Let’s graph Cluster 1 and examine the results. These Liberal Arts majors may represent the lowest percentiles with limited growth opportunity, but there is hope for those who make it! Music is our riskiest major with the lowest 10th percentile salary, but Drama wins the highest growth potential in the 90th percentile for this cluster (so don’t let go of those Hollywood dreams!). Nursing is the outlier culprit of cluster number 1, with a higher safety net in the lowest percentile to the median. Otherwise, this cluster does represent the majors with limited growth opportunity.

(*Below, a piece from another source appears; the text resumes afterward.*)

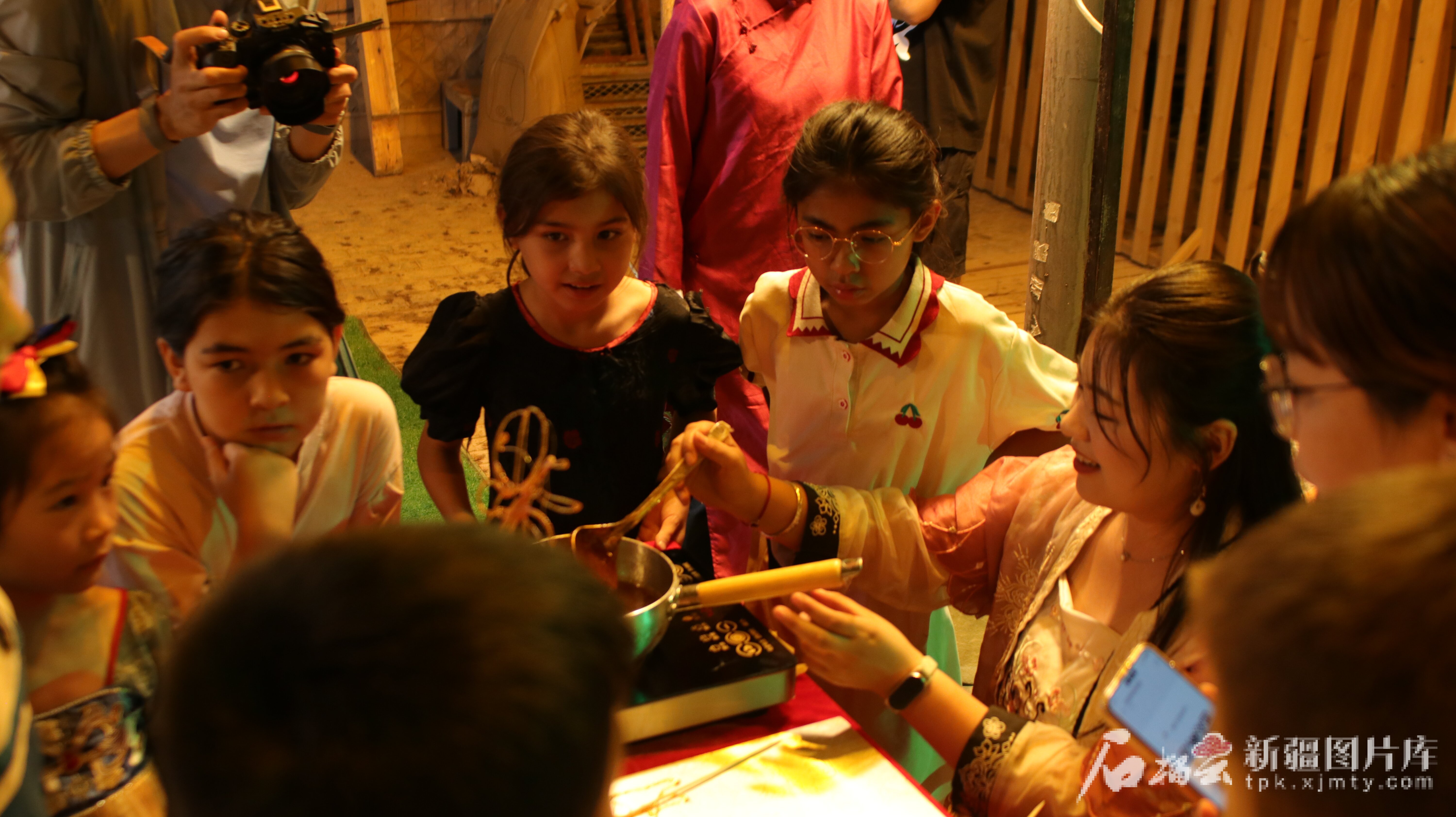 7月1日,喀什古城景區(qū)內(nèi),小朋友好奇地圍坐在“糖影繪夢(mèng)”社會(huì)實(shí)踐團(tuán)隊(duì)的糖畫桌前。圖片由受訪團(tuán)隊(duì)提供

An aside: It’s worth noting that most of these majors leading to lower-paying jobs are women-dominated, according to this Glassdoor study. According to the research:

“The single biggest cause of the gender pay gap is occupation and industry sorting of men and women into jobs that pay differently throughout the economy. In the U.S., occupation and industry sorting explains 54 percent of the overall pay gap—by far the largest factor.”

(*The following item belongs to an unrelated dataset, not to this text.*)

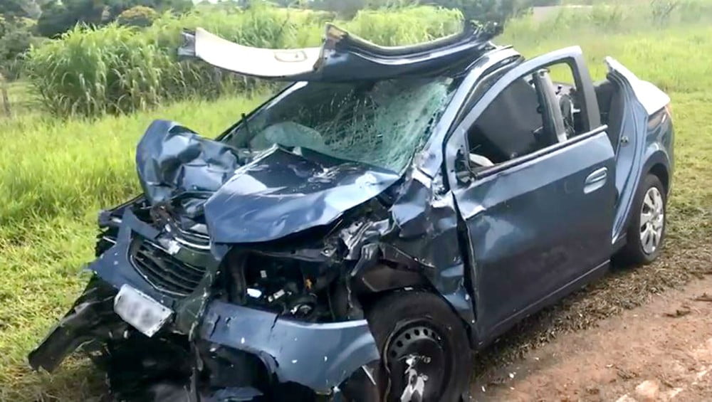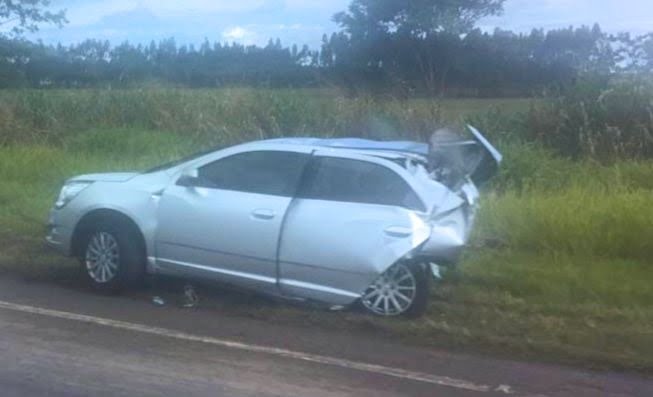- O GM Cobalt aquaplanou e, sem direção, invadiu a pista contrária, sendo atingido na traseira pelo Prisma (FOTO: Reprodução HoraH)

Does this imply that women are statistically choosing majors with lower pay potential, or do certain jobs pay less because women choose them…?

R code block:

# Graph the majors of Cluster 1 by percentile
cluster_1 <- ggplot(subset(degrees_perc, clusters == 1), aes(x = percentile,
                                      y = salary,
                                      group = College.Major,
                                      color = College.Major)) +
                geom_point() +
                geom_line() +
                theme(axis.text.x = element_text(size = 7, angle = 25))

# View the plot
cluster_1 + ggtitle("Cluster 1: The Liberal Arts") +
  xlab("Percentile") + ylab("Salary")

clusters

On to Cluster 2, right in the middle! Accountants are known for having stable job security, but once you’re in the big leagues you may be surprised to find that Marketing or Philosophy can ultimately result in higher salaries. The majors of this cluster are fairly middle of the road in our dataset, starting off not too low and not too high in the lowest percentile. However, this cluster also represents the majors with the greatest differential between the lowest and highest percentiles.

R code block:

# Modify the previous plot to display Cluster 2
cluster_2 <- ggplot(subset(degrees_perc, clusters == 2), aes(x = percentile,
                                      y = salary,
                                      group = College.Major,
                                      color = College.Major)) +
                geom_point() +
                geom_line() +
                theme(axis.text.x = element_text(size = 7, angle = 25))

# View the plot
cluster_2 + ggtitle("Cluster 2: The Goldilocks") +
  xlab("Percentile") + ylab("Salary")

clusters

Finally, let’s visualize Cluster 3. If you want financial security, these are the majors to choose from. Besides our one previously observed outlier now identifiable as Physician Assistant lagging in the highest percentiles, these heavy hitters and solid engineers represent the highest growth potential in the 90th percentile, as well as the best security in the 10th percentile rankings. Maybe those Freakonomics guys are on to something…

R code block:

# Modify the previous plot to display Cluster 3
cluster_3 <- ggplot(subset(degrees_perc, clusters == 3), aes(x = percentile,
                                      y = salary,
                                      group = College.Major,
                                      color = College.Major)) +
                geom_point() +
                geom_line() +
                theme(axis.text.x = element_text(size = 7, angle = 25))

# View the plot
cluster_3 + ggtitle("Cluster 3: The Over Achievers") +
  xlab("Percentile") + ylab("Salary")

clusters

Every major’s wonderful Thus concludes our journey exploring salary projections by college major via a k-means clustering analysis! Dealing with unsupervized data always requires a bit of creativity, such as our usage of three popular methods to determine the optimal number of clusters. We also used visualizations to interpret the patterns revealed by our three clusters and tell a story.

Which two careers tied for the highest career percent growth? While it’s tempting to focus on starting career salaries when choosing a major, it’s important to also consider the growth potential down the road. Keep in mind that whether a major falls into the Liberal Arts, Goldilocks, or Over Achievers cluster, one’s financial destiny will certainly be influenced by numerous other factors including the school attended, location, passion or talent for the subject, and of course the actual career(s) pursued.

A similar analysis to evaluate these factors may be conducted on the additional data provided by the Wall Street Journal article, comparing salary potential by type and region of college attended. But in the meantime, here’s some inspiration for any students out there still struggling to choose a major.

R code block:

# Sort degrees by Career.Percent.Growth
arrange(degrees_labeled, desc(Career.Percent.Growth))

# Identify the two majors tied for highest career growth potential
highest_career_growth <- c('Math','Philosophy')